Оуэн если был сумасшедшим, то вовсе не потому, что его свет считал
таким и он ему платил той же монетой, а потому, что, зная очень хорошо, что
живет в доме умалишенных и окружен больными, он шестьдесят лет говорил с
ними, как с здоровыми.
Число больных тут ничего не значит, ум имеет свое оправдание не в
большинстве голосов, а в своей логической самозаконности. И если вся Англия
будет убеждена, что такой-то medium призывает духи умерших, а один Фаредей скажет, что это вздор, то истина и ум будут с его стороны, а не со
стороны всего английского населения. Еще больше, если и Фаредей не будет
этого говорить, тогда истина об этом предмете совсем существовать не будет
как сознанная, но тем не меньше единогласно принятая целым народом нелепость — все же будет нелепость.
Большинство, на которое жаловался больной, не потому страшно, что оно
умно или глупо, право или неправо, в лжи или в истине, а потому, что оно
сильно, и потому, что ключи от Бедлама у него в руках.
Сила не заключает в своем понятии сознательности, как необходимого
условия, напротив, она тем непреодолимее — чем безумнее, тем страшнее — чем
бессознательнее.
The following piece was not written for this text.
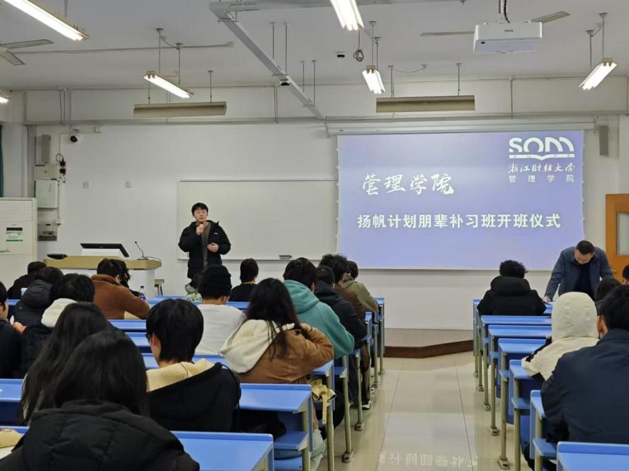 扬帆计划朋辈补习班举行开班仪式,学院教学副院长张雷、学办主任李桢、团委副书记陈蓓蓓、辅导员刘军华及全体补习学生参加仪式。活动由嘟嘟成人网

От поврежденного человека можно спастись, от стада бешеных
волков труднее, а перед бессмысленной стихией человеку остается сложить руки
и погибнуть.
Поступок Оуэна, поразивший ужасом Англию 1817 года, не удивил бы в 1617
родину Ванини и Джордано Бруно, не скандализировал бы в 1717 ни Германию, ни
Францию, а Англия не может через полвека вспомнить об нем без раздражения.
Может быть, где-нибудь в Испании монахи взбунтовали бы против него дикую
чернь или инквизиционные алгвазилы посадили бы его в тюрьму, сожгли бы на
костре; но очеловеченная часть общества была бы за него...
Разве Гете и Фихте, Кант и Шиллер, наконец Гумбольдт в наше время и
Лессинг сто лет тому назад скрывали свой образ мыслей или имели
бессовестность проповедывать шесть дней в неделю в академиях и книгах свою
философию, а на седьмой фарисейски слушать предику и морочить толпу, la
plebe, своим благочестивым христианством?
Во Франции то же самое: ни Вольтер, ни Руссо, ни Дидро, ни все
энциклопедисты, ни школа Биша и Кабаниса, ни Лаплас, ни Конт не
прикидывались ультрамонтанами, не преклонялись благоговейно перед «дорогими
предрассудками», и это ни на одну йоту не унизило, не умалило их значения.
Политически порабощенный материк нравственно свободнее Англии; масса
идей и сомнений, находящихся в обороте, гораздо обширнее; к ней привыкли,
общество не трепещет ни страхом, ни негодованием перед свободным
человеком — Wenn er die Kette bricht[15].
Люди материка беспомощны перед властью, выносят цепи, но не уважают их.
Свобода англичанина больше в учреждениях, чем в нем, чем в его совести; его
свобода в common law[16], в habeas corpus[17], а не в нравах, не в образе
мыслей. Перед общественным предрассудком гордый бритт склоняется без ропота,
с видом уважения. Само собою разумеется, что везде, где есть люди, там лгут
и притворяются; но не считают откровенности пороком, не смешивают смело
высказанное убеждение мыслителя с неблагопристойностью развратной женщины,
хвастающейся своим падением; но не подымают лицемерия на степень
общественной и притом обязательной добродетели[18].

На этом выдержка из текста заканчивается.